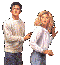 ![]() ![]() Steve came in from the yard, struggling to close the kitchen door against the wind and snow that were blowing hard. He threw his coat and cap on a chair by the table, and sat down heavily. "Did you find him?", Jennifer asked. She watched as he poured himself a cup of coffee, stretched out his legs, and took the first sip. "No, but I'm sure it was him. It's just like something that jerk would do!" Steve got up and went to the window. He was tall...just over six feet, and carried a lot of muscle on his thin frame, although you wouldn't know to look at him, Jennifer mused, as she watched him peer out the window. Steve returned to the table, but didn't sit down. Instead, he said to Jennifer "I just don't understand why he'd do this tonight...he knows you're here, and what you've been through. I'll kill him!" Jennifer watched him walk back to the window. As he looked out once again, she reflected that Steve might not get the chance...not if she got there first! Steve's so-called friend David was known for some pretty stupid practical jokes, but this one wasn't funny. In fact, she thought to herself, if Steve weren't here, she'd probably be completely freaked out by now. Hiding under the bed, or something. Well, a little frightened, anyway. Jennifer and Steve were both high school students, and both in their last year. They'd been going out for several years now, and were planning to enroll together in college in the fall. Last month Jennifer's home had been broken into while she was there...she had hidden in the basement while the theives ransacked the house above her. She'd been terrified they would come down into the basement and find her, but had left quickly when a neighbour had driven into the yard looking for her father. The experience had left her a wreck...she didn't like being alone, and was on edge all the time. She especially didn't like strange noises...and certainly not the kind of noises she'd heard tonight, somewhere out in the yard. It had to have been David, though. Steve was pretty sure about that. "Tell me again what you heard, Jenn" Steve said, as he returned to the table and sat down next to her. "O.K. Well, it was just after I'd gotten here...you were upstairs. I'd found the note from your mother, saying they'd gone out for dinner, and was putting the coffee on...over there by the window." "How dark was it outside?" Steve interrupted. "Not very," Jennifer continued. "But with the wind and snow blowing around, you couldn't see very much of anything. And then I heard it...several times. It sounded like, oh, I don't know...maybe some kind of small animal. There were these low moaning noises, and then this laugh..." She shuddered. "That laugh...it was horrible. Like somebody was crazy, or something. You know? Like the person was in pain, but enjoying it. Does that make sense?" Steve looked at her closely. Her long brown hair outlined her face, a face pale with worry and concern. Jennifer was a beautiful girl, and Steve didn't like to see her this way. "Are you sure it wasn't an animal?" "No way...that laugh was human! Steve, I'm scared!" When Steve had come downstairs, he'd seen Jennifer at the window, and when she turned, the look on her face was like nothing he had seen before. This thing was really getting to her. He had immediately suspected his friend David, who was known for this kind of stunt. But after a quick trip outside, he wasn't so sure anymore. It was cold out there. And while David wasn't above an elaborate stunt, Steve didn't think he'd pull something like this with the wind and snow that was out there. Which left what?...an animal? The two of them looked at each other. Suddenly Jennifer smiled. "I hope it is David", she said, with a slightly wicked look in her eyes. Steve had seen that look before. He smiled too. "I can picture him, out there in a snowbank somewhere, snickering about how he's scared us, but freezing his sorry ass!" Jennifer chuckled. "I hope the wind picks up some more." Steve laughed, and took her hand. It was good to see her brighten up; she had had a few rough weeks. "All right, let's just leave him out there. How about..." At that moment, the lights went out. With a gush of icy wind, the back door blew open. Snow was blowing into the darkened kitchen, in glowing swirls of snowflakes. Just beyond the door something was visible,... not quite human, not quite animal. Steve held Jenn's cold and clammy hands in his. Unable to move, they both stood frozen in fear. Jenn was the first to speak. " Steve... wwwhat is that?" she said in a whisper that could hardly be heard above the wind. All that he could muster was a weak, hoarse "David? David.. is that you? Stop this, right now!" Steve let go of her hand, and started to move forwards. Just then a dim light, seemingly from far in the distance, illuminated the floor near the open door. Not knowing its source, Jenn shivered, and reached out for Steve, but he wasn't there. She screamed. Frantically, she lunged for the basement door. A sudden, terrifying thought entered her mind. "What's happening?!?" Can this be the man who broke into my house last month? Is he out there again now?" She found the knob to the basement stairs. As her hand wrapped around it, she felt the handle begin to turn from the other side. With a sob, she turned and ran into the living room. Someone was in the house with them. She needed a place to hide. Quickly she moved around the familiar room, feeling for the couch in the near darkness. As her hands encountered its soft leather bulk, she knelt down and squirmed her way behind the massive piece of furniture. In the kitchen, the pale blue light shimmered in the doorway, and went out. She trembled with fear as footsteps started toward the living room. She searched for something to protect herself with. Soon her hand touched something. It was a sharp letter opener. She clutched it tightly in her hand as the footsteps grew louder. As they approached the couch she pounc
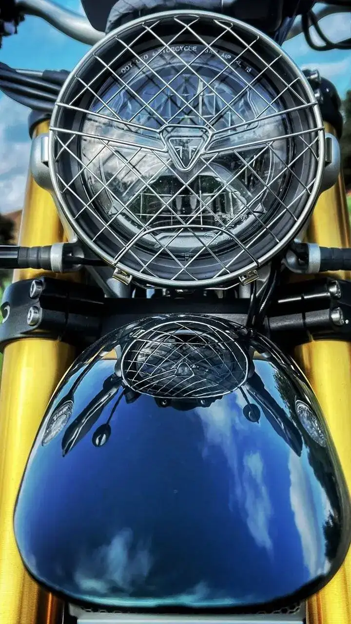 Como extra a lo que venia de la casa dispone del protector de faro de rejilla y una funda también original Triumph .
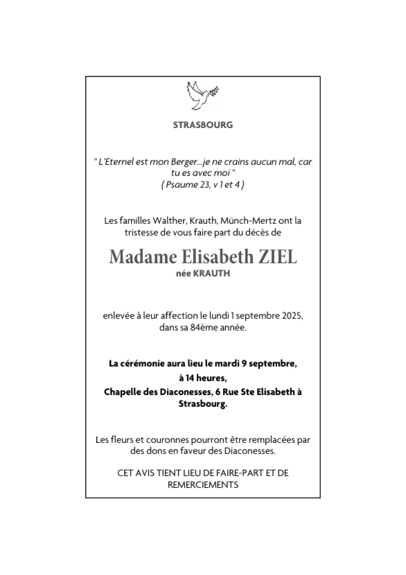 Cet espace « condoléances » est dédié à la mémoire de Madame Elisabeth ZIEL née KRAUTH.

- Task to complete -
The material above is to be output exactly, with each picture left out.

- Result -
 ![]() ![]() Steve came in from the yard, struggling to close the kitchen door against the wind and snow that were blowing hard. He threw his coat and cap on a chair by the table, and sat down heavily. "Did you find him?", Jennifer asked. She watched as he poured himself a cup of coffee, stretched out his legs, and took the first sip. "No, but I'm sure it was him. It's just like something that jerk would do!" Steve got up and went to the window. He was tall...just over six feet, and carried a lot of muscle on his thin frame, although you wouldn't know to look at him, Jennifer mused, as she watched him peer out the window. Steve returned to the table, but didn't sit down. Instead, he said to Jennifer "I just don't understand why he'd do this tonight...he knows you're here, and what you've been through. I'll kill him!" Jennifer watched him walk back to the window. As he looked out once again, she reflected that Steve might not get the chance...not if she got there first! Steve's so-called friend David was known for some pretty stupid practical jokes, but this one wasn't funny. In fact, she thought to herself, if Steve weren't here, she'd probably be completely freaked out by now. Hiding under the bed, or something. Well, a little frightened, anyway. Jennifer and Steve were both high school students, and both in their last year. They'd been going out for several years now, and were planning to enroll together in college in the fall. Last month Jennifer's home had been broken into while she was there...she had hidden in the basement while the theives ransacked the house above her. She'd been terrified they would come down into the basement and find her, but had left quickly when a neighbour had driven into the yard looking for her father. The experience had left her a wreck...she didn't like being alone, and was on edge all the time. She especially didn't like strange noises...and certainly not the kind of noises she'd heard tonight, somewhere out in the yard. It had to have been David, though. Steve was pretty sure about that. "Tell me again what you heard, Jenn" Steve said, as he returned to the table and sat down next to her. "O.K. Well, it was just after I'd gotten here...you were upstairs. I'd found the note from your mother, saying they'd gone out for dinner, and was putting the coffee on...over there by the window." "How dark was it outside?" Steve interrupted. "Not very," Jennifer continued. "But with the wind and snow blowing around, you couldn't see very much of anything. And then I heard it...several times. It sounded like, oh, I don't know...maybe some kind of small animal. There were these low moaning noises, and then this laugh..." She shuddered. "That laugh...it was horrible. Like somebody was crazy, or something. You know? Like the person was in pain, but enjoying it. Does that make sense?" Steve looked at her closely. Her long brown hair outlined her face, a face pale with worry and concern. Jennifer was a beautiful girl, and Steve didn't like to see her this way. "Are you sure it wasn't an animal?" "No way...that laugh was human! Steve, I'm scared!" When Steve had come downstairs, he'd seen Jennifer at the window, and when she turned, the look on her face was like nothing he had seen before. This thing was really getting to her. He had immediately suspected his friend David, who was known for this kind of stunt. But after a quick trip outside, he wasn't so sure anymore. It was cold out there. And while David wasn't above an elaborate stunt, Steve didn't think he'd pull something like this with the wind and snow that was out there. Which left what?...an animal? The two of them looked at each other. Suddenly Jennifer smiled. "I hope it is David", she said, with a slightly wicked look in her eyes. Steve had seen that look before. He smiled too. "I can picture him, out there in a snowbank somewhere, snickering about how he's scared us, but freezing his sorry ass!" Jennifer chuckled. "I hope the wind picks up some more." Steve laughed, and took her hand. It was good to see her brighten up; she had had a few rough weeks. "All right, let's just leave him out there. How about..." At that moment, the lights went out. With a gush of icy wind, the back door blew open. Snow was blowing into the darkened kitchen, in glowing swirls of snowflakes. Just beyond the door something was visible,... not quite human, not quite animal. Steve held Jenn's cold and clammy hands in his. Unable to move, they both stood frozen in fear. Jenn was the first to speak. " Steve... wwwhat is that?" she said in a whisper that could hardly be heard above the wind. All that he could muster was a weak, hoarse "David? David.. is that you? Stop this, right now!" Steve let go of her hand, and started to move forwards. Just then a dim light, seemingly from far in the distance, illuminated the floor near the open door. Not knowing its source, Jenn shivered, and reached out for Steve, but he wasn't there. She screamed. Frantically, she lunged for the basement door. A sudden, terrifying thought entered her mind. "What's happening?!?" Can this be the man who broke into my house last month? Is he out there again now?" She found the knob to the basement stairs. As her hand wrapped around it, she felt the handle begin to turn from the other side. With a sob, she turned and ran into the living room. Someone was in the house with them. She needed a place to hide. Quickly she moved around the familiar room, feeling for the couch in the near darkness. As her hands encountered its soft leather bulk, she knelt down and squirmed her way behind the massive piece of furniture. In the kitchen, the pale blue light shimmered in the doorway, and went out. She trembled with fear as footsteps started toward the living room. She searched for something to protect herself with. Soon her hand touched something. It was a sharp letter opener. She clutched it tightly in her hand as the footsteps grew louder. As they approached the couch she pounc
 Como extra a lo que venia de la casa dispone del protector de faro de rejilla y una funda también original Triumph .
 Cet espace « condoléances » est dédié à la mémoire de Madame Elisabeth ZIEL née KRAUTH.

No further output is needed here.